The individuals listed are not affiliated with my channel, YouTube, sponsors, or outside organizations. Below is a growing list of current members of Congress who support increasing the size of the House. This page will be updated as more lawmakers share their positions.

Expanding Representation in the U.S. House
The United States House of Representatives no longer represents the people as intended. Some believe it’s time to expand the House, also known as “uncapping the House,” to better reflect the will of the people. 
​

When the House was capped at 435 members in the early 20th century, the average Representative served about 210,000 constituents. Today, that number exceeds 760,000. This is not a feature of the Constitution. It is the result of legislative inertia.
The Founders anticipated population growth and feared a distant, aristocratic legislature. That is why the Constitution requires apportionment after each census—and why the First Congress proposed a constitutional amendment, Article the First, to prevent the House from becoming too small. That amendment failed not because it was rejected, but because it was forgotten.
We are living with the consequences of that forgetting.

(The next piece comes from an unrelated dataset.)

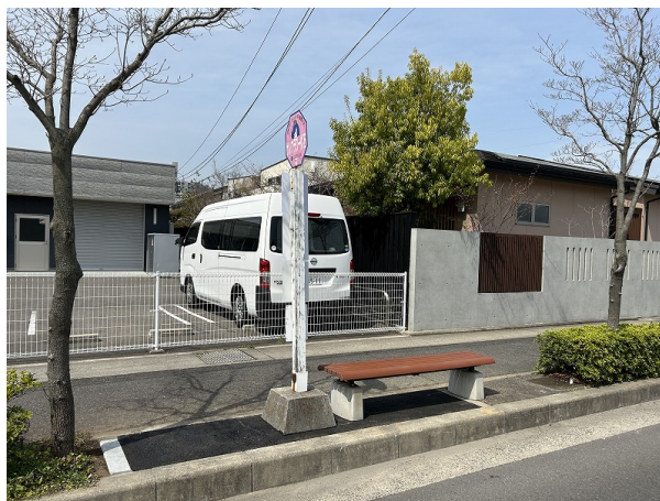
《バス停整備（ベンチ設置）》

2022年度はバス停留所1か所にベンチ1脚を設置しバス待ち環境を向上しました。今後も、お客様がご利用しやすいバスを目指し、バス待ち環境の整備に努めてまいります。

A House that is too small produces predictable failures:
  • Representatives cannot meaningfully know or serve their constituents.
  • Campaigns grow expensive, increasing dependence on large donors.
  • Fast-growing states are underrepresented; slow-growing states are overrepresented.
  • The Electoral College becomes increasingly distorted.
  • Polarization intensifies as fewer seats represent more diverse populations

Representation should scale with population.
The House was designed to be the most democratic institution in the federal government: frequently elected, locally grounded, and responsive. That design only works if districts remain small enough for citizens to be heard.
Nothing in the Constitution fixes the size of the House. Congress has the power—and the responsibility—to adjust it.
Congress should expand the House of Representatives through ordinary legislation.
We need:
  • A clear, specific expansion tied to the census
  • A permanent formula or rule to prevent future stagnation
    Nonpartisan implementation that applies equally to all states

    Expanding the House is not radical. It is a return to constitutional logic.
A legislature that claims to represent the people must be large enough to do so.
The number 435 is not sacred. Representation is.

Why I'm sharing this list

Why Uncap the House? 
  • Congress is out of touch with voters. They are much more likely to listen to donors than their constituents. Expanding the House would bring representation closer to the people, aligning practice with the Founders’ intent.
  • It’s far easier for special interests to dominate races that cost millions. With smaller districts, campaigns are less expensive, grassroots organizing becomes easier. Individual donors matter more than PACs. Expanding the House lowers the cost of entry for ordinary folks to run for office.
  • The Electoral College is undemocratic and unpopular. It gives small states outsized influence. It ignores the national popular vote. It allows “minority presidents” to gain power. Expanding the House would make the Electoral College more democratic.
  • Larger districts tend to favor extreme candidates who win low-turnout primaries. Moderates are often pushed out.  Expanding the House would lead to smaller districts and more shades of opinion. This would lead to more competitive races, more ideological nuance, better reflect local variation, and create more space for coalition-building inside political parties.
  • With only 435 seats, fast-growing states get underrepresented and slow-growing states get overrepresented. Small population changes can wildly shift power. Expanding the House would lead to more fair apportionment among the states.
  • The House expanded regularly for over a century. The cap at 435 was a temporary measure in 1913 that became permanent by inertia.Nothing in the Constitution fixes the House size. Expanding the House is the normal thing to do. Stagnation is the anomaly.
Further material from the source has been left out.